WSP, Ecosystems Knowledge Network, and Northumbria University have launched a new net gain measurement tool to help built environment professionals play a greater part in nature recovery and climate resilience

The Nature Assessment Tool for Urban and Rural Environments (the NATURE Tool) records the extent to which any new infrastructure or development project delivers ‘net gains’ for the natural environment.

The NATURE Tool is there to inform design, planning and long-term management. The spreadsheet tool, which is freely available, has been designed to serve a wide range of projects, from housebuilding to transport infrastructure, and from mineral sites to wind farms.

Tool trials

As part of the development and testing of the NATURE Tool, a partnership across the UK was established with more than 30 built environment organisations including developers, landowners, LPAs, planning professions, NGO’s and Government Agencies.

One of these companies was National Grid:

National Grid trialled the NATURE Tool on two Electricity Transmission schemes in South Wales and the Peak District to assess the reinstatement, mitigation and habitat enhancement actions planned onsite and offsite.

Chris Plester, sustainability specialist at National Grid, said: “Over the last few years there have been many different approaches and tools developed to measure and monitor ecosystem service change, developed by a range of stakeholders for a multitude of reasons.

“It can be a challenge to know the right approach to use. An industry standard, such as the NATURE Tool, will provide a definitive way forward and ‘Go to’ tool that could be adopted by developers and accepted by planners, regulators and policymakers. It is important for us and our peer organisations to adopt a consistent methodology and approach.
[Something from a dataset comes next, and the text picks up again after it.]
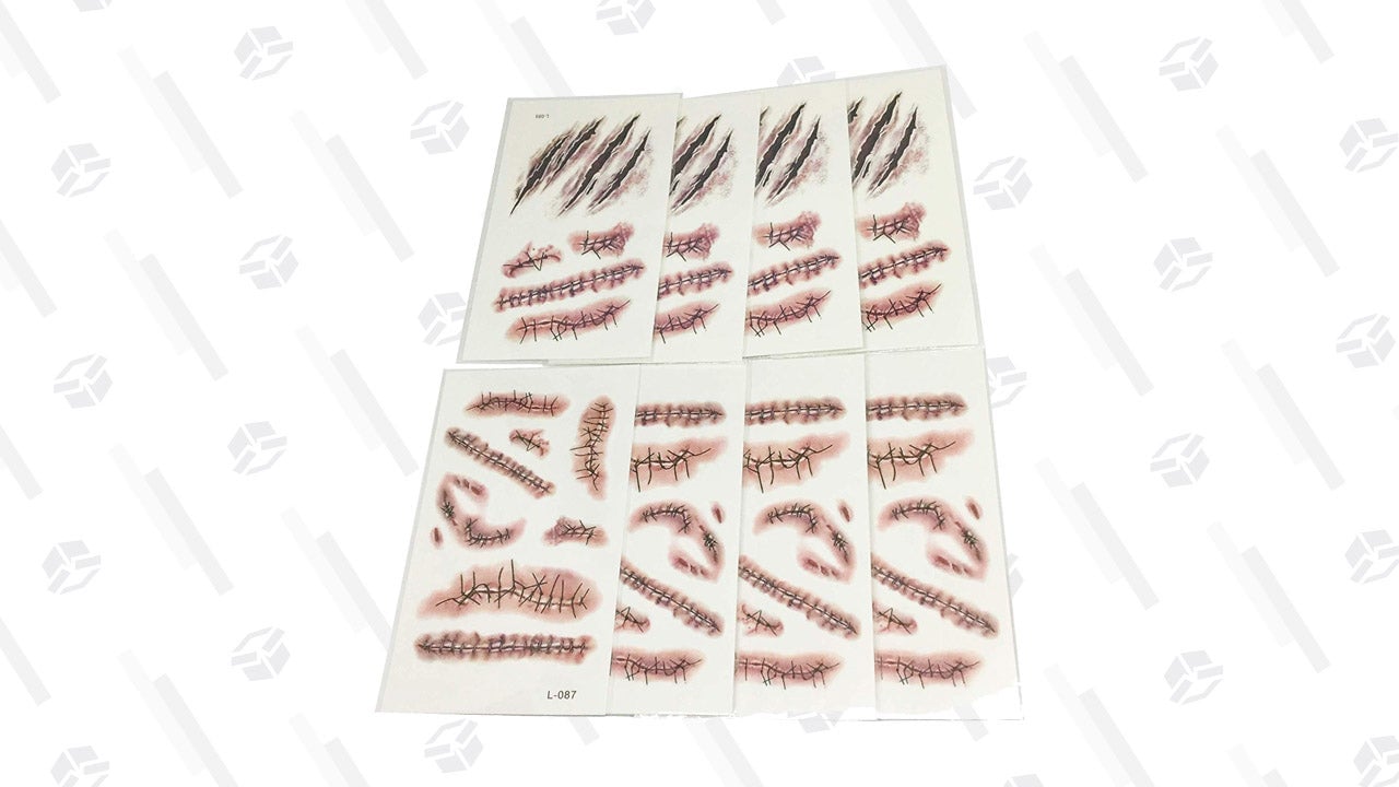 Just in time for Halloween are these fake bloody wound and scar tattoos that you can stick all over your body—and even make someone do a double take. If you’re still looking, the tattoos make a very easy Halloween costume. Just apply the tattoos on your arms and face, wear tattered clothing, smear on some pasty white sunscreen, and you’ve got yourself a zombie. You can also use these tattoos with your preschooler all year long for pretend “boo boos.”

“We found the tool was relatively straightforward to complete particularly having detailed habitat information pre and post-development already available.

“The result summary results section provides a good picture of gains and losses across the range of ecosystem services whilst the headline results are a simple and effective way to demonstrate achievement of objectives and benefits for biodiversity and people.

‘’We would be most likely use the NATURE Tool during the detailed design process as a part of the development of our environmental net gain strategies and to support delivery of our corporate commitments to enhance our natural assets in the future.’’

‘Leaving the environment in a better state for the next generation’

Dr Oliver Hölzinger, associate at WSP and creator of the NATURE Tool, commented: “Responding to government policy ambitions and applying our industry expertise, we are delighted to have developed this new tool to aid the built environment sector to collectively achieve ambitions to leave the environment in a better state for the next generation through adopting a natural capital approach to environmental net gain.

“The NATURE Tool is practical and easy to use allowing the assessment of up to 17 ecosystem services plus physical and mental health benefits through a scoring system indicating both, the direction and magnitude of project impacts. These scores are aggregated based on policy priorities resulting in an overall ‘people score’ for the project.

“This assessment aims to encourage both better decision making and clearly demonstrate the results of positive sustainable action during development.”